I've been making lures for about a year now but thus far have only lurked on the tackle making section. I have gained a lot of great info and finally feel I have something to contribute. I found that the plastic webbing bag that shallots come in works great for adding texture to foil. It also makes nice scales when painting. Here are some baits that I made this spring. The baits in the upper right and lower left were made using the shallot bag (the bag on the lower left was my first attempt using the shallow bag thus it's not as good). I've been doing really well on largemouth on my lures this spring. Upper left = thin sinking minnow/shiner, middle left = wake bait (basswood/balsa combo), lower left = rattling flat shad, upper right flatshad, middle right = sinking crawdad, lower right used to be a bobber.

Fish on!


----------



## vc1111 (Apr 13, 2004)

James T, welcome to the forum.

I like you work and I especially like that craw bait.

It seems like you have really done well with the foiling. It is a lot of fun, isn't it? I'm glad to hear the fish approved of your work also.


----------



## JamesT (Jul 22, 2005)

thanks for the welcome and comments Vince!

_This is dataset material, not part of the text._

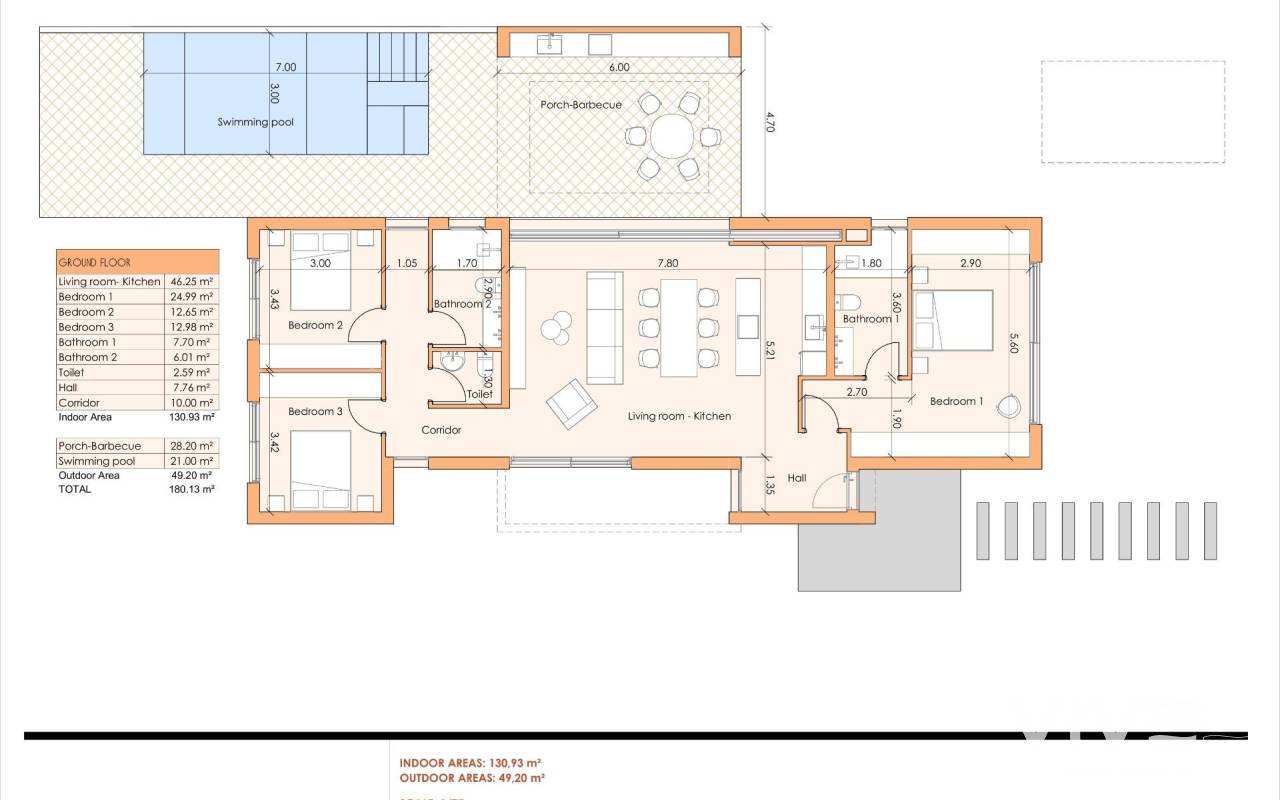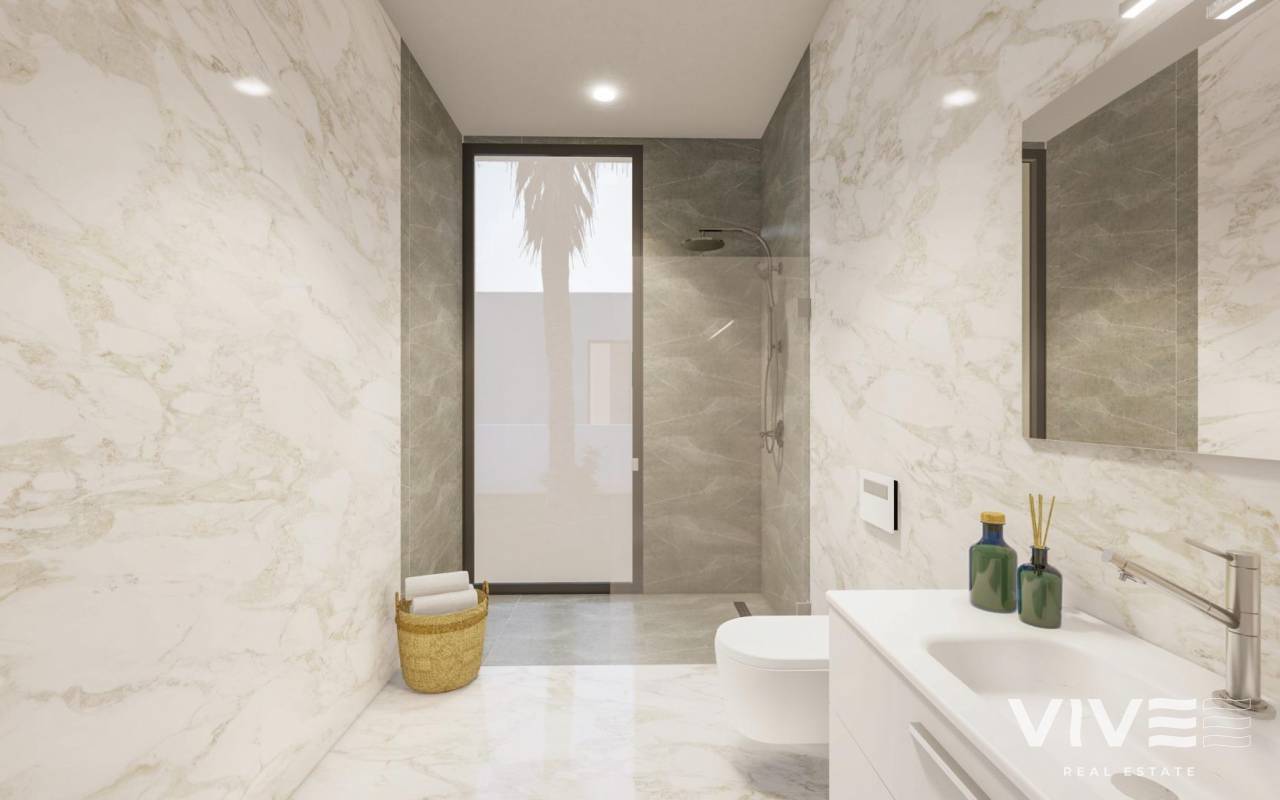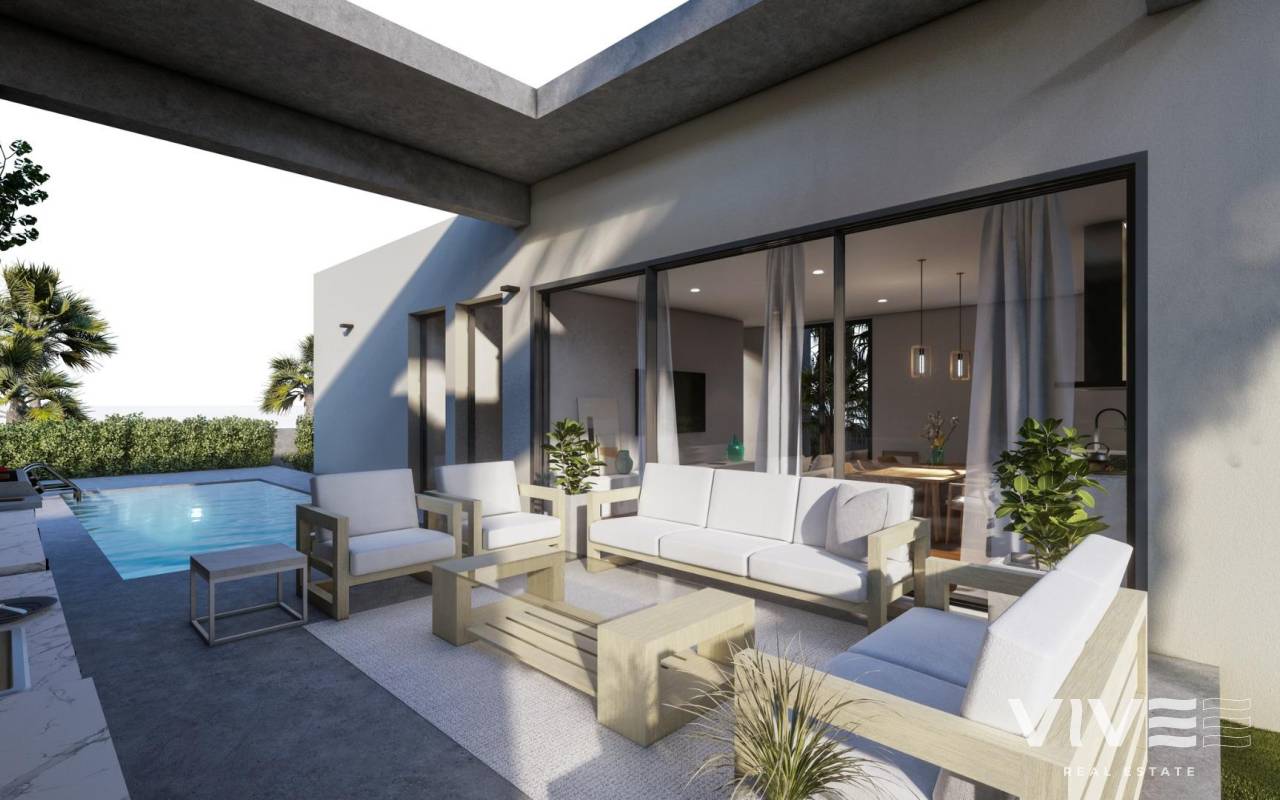 NEU GEBAUTE VILLEN IM ALTAONA GOLF RESORT, MURCIA Neubau einer außergewöhnlichen Villenanlage inmitten des wunderschönen Altaona Resorts in Murcia. Diese exklusive Enklave bietet einen idealen Rahmen, um die nahtlose Verschmelzung von luxuriösem Wohnen und dem ruhigen mediterranen Lebensstil zu erleben. Spüren Sie, wie die Landschaft durch die großen Fenster in das Haus eindringt. Der Garten erhält eine große Präsenz und ist Teil des Wesens der Villa. Im Inneren sind sie geräumig und hell, so dass das mediterrane Licht die Räume durchfluten kann. Neubauvillen mit offener Küche, 3 Schlafzimmern, 2 Bädern, Gäste-WC, Terrasse, Privatgarten mit Pool und Parkplatz. Merkmale: - Die Häuser haben einen Energieausweis der Klasse A. - Klimaanlage mit Kanalisation und Wärmepumpe. Im ganzen Haus, außer in den Bädern. - Elektrische Fußbodenheizung im Wohnzimmer und in den Bädern mit individuellem Thermostat pro Zone. - Lufterneuerungsanlage in der Küche, den Bädern, der Waschküche und der Gästetoilette. - Küche Inklusive Dunstabzugshaube und elektrischem Induktionskochfeld mit 3 Kochstellen. - Inklusive LED-Beleuchtung im Wohnzimmer, Flur und Außenbereich. Der Rest der Räume ist für den zukünftigen Eigentümer vorbereitet, um seine Beleuchtung zu installieren. - USB-Steckdosen in allen Schlafzimmern. - Elektronische Gegensprechanlage für den Zugang von außen zum Innenweg. Türklingel am Eingang des Hauses. - Hausautomatisierungssystem mit zwei intelligenten Schaltern. - Privater Landschaftsgarten mit Tropfbewässerungssystem und Pool. - Außenumzäunung der Urbanisation. - Zufahrtstore zur Urbanisation: Schiebetor aus Metall mit Fernöffnungssystem. Die Wohnanlage befindet sich in Altaona Golf, nur 15 Autominuten vom Zentrum der Hauptstadt Murcia und 20 Minuten von den Stränden entfernt. Genießen Sie die Ruhe und Sicherheit, die Ihnen der Golfplatz mit seinen 18 Löchern bietet, und den Komfort, in der Nähe aller Dienstleistungen zu wohnen. Murcias Flughafen Corvera ist nur 15 Autominuten entfernt.

Your work is quite the inspiration!

I haven't tested the craw bait yet, just know it sinks like a rock. I'm worried it won't have good action, but I wanted something that would hug the bottom as best as possible at different speeds. Its got one coat of D2T and I'll probably test it in the next couple of days. If I like the action I'm just gonna leave it and not add a 2nd coat (which I only recently started doing). 

When I first started foiling I could foil 2 even 3 baits in one night. Now it's 1 max a night. I foil the entire bait and it is quite tedious. My secret weapon is the tip of a cheap dart that I use to push/smooth the foil in around the hook hangers, tie in, lip, etc.


----------